With all pictures omitted, return verbatim the lines from the beginning of the records below through the line containing "The following subsections".

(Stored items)
↓

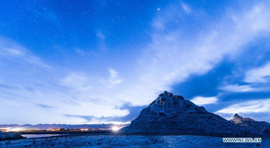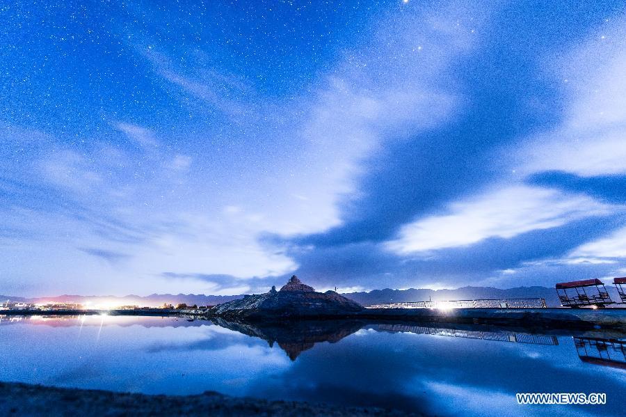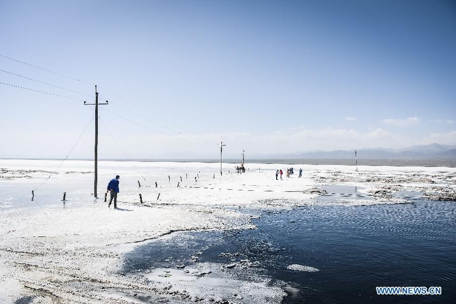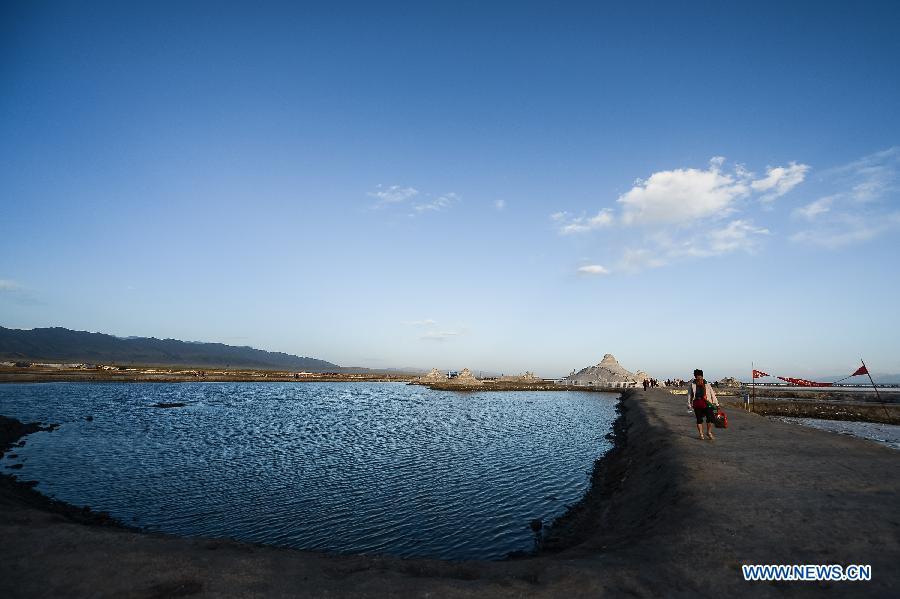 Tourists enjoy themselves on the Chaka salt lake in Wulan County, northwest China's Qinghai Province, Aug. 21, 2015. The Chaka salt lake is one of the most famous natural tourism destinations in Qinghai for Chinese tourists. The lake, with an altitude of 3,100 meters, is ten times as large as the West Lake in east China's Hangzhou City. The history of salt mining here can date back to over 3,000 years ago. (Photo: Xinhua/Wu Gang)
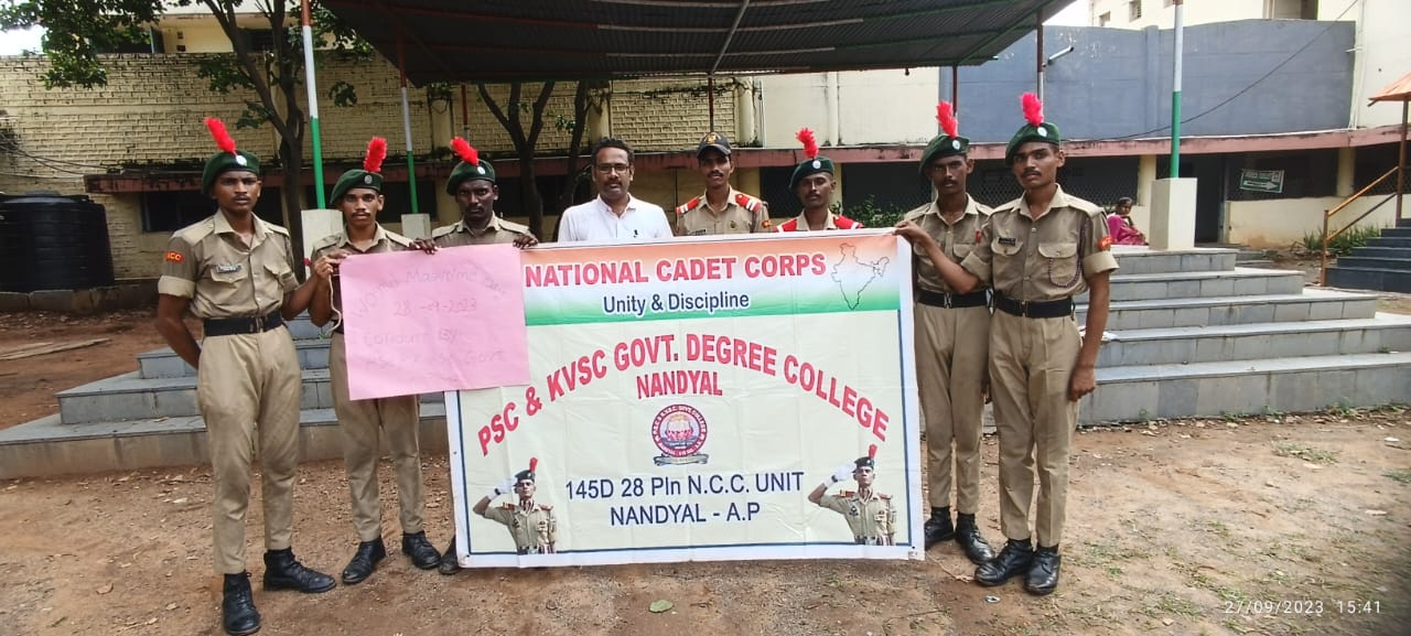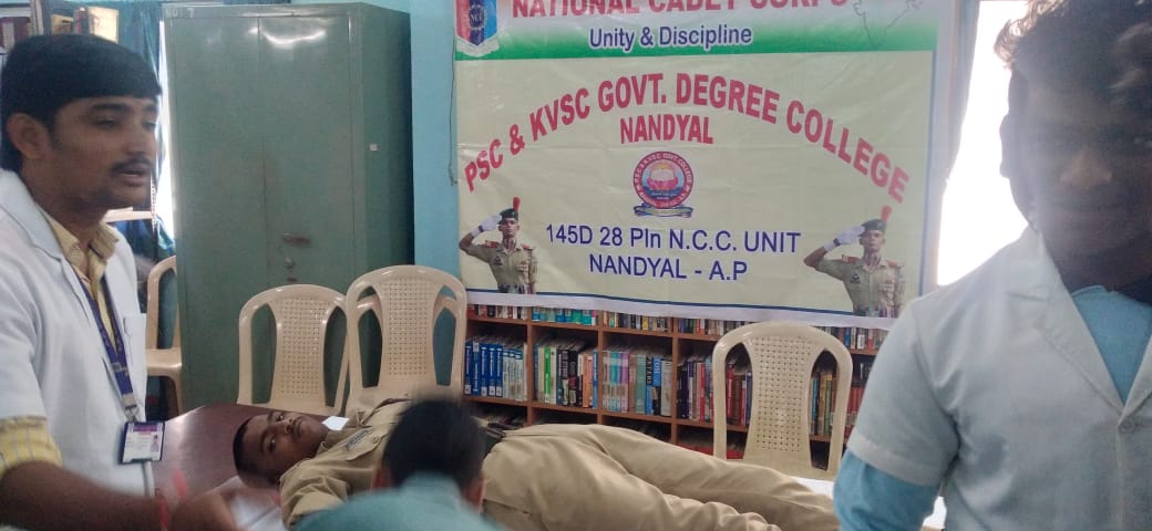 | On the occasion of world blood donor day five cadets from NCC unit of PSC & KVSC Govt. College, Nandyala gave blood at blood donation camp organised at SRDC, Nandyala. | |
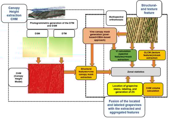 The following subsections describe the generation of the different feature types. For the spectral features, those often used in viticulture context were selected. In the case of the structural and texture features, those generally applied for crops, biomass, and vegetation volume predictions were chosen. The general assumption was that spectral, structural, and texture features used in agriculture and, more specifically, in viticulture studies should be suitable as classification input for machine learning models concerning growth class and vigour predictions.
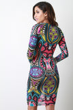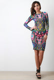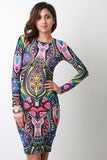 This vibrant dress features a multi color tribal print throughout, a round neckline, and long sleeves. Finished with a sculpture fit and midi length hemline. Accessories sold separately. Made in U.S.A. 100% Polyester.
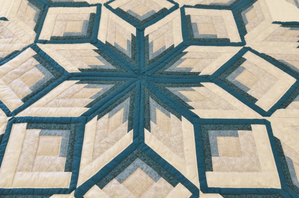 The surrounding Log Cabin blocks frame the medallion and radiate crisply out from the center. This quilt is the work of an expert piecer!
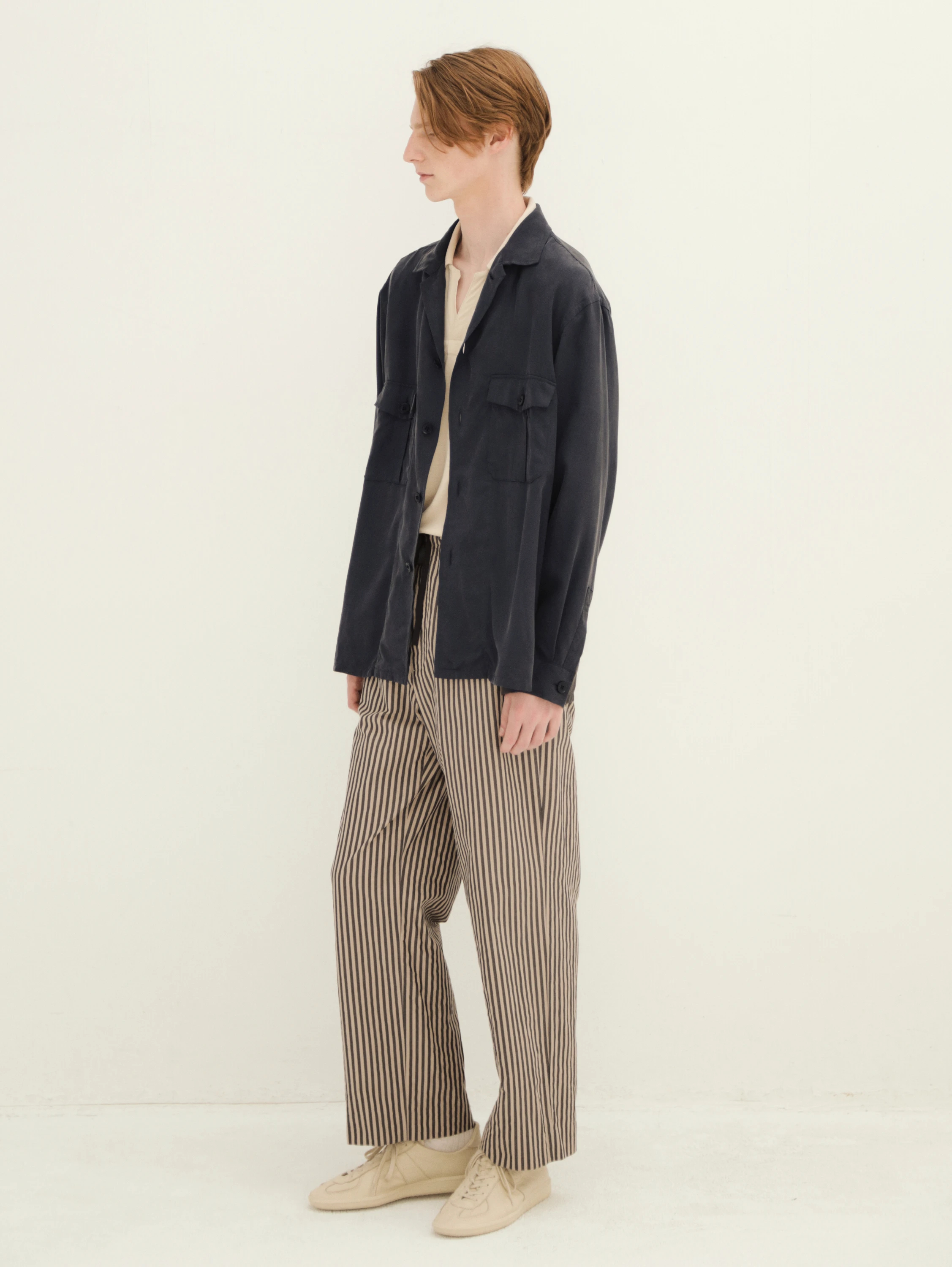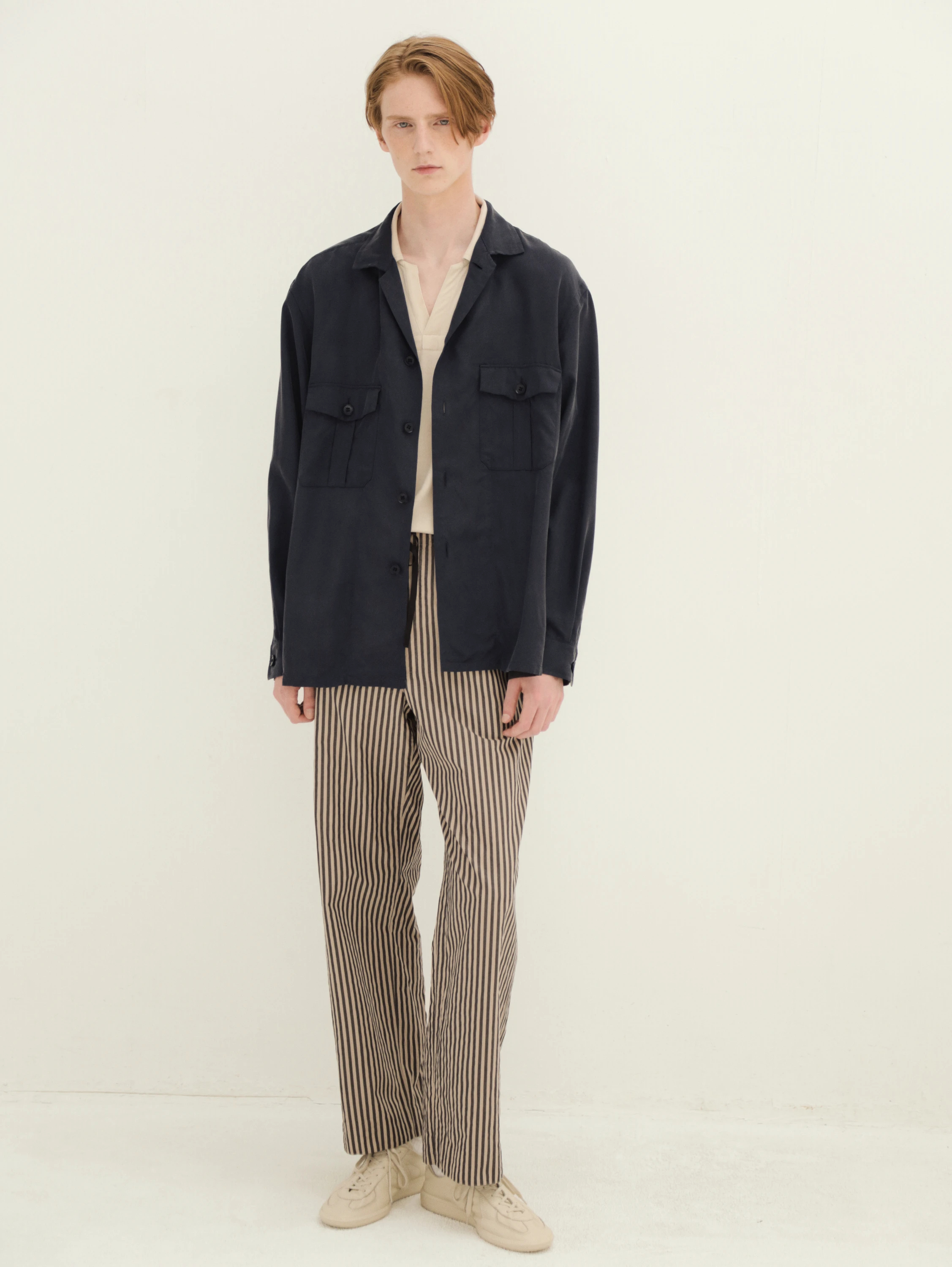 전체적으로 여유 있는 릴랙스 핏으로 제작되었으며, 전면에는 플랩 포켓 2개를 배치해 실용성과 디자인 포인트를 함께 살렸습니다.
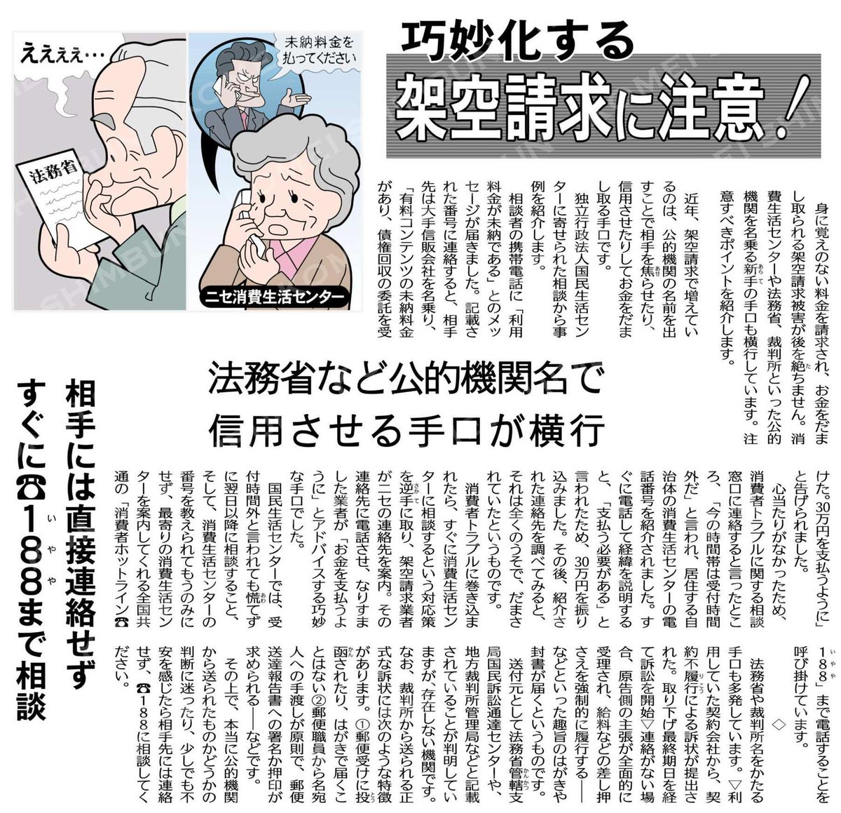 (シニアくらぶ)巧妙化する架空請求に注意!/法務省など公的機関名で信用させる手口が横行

↑

TASK RESPONSE -
 Tourists enjoy themselves on the Chaka salt lake in Wulan County, northwest China's Qinghai Province, Aug. 21, 2015. The Chaka salt lake is one of the most famous natural tourism destinations in Qinghai for Chinese tourists. The lake, with an altitude of 3,100 meters, is ten times as large as the West Lake in east China's Hangzhou City. The history of salt mining here can date back to over 3,000 years ago. (Photo: Xinhua/Wu Gang)
 | On the occasion of world blood donor day five cadets from NCC unit of PSC & KVSC Govt. College, Nandyala gave blood at blood donation camp organised at SRDC, Nandyala. | |
 The following subsections describe the generation of the different feature types. For the spectral features, those often used in viticulture context were selected. In the case of the structural and texture features, those generally applied for crops, biomass, and vegetation volume predictions were chosen. The general assumption was that spectral, structural, and texture features used in agriculture and, more specifically, in viticulture studies should be suitable as classification input for machine learning models concerning growth class and vigour predictions.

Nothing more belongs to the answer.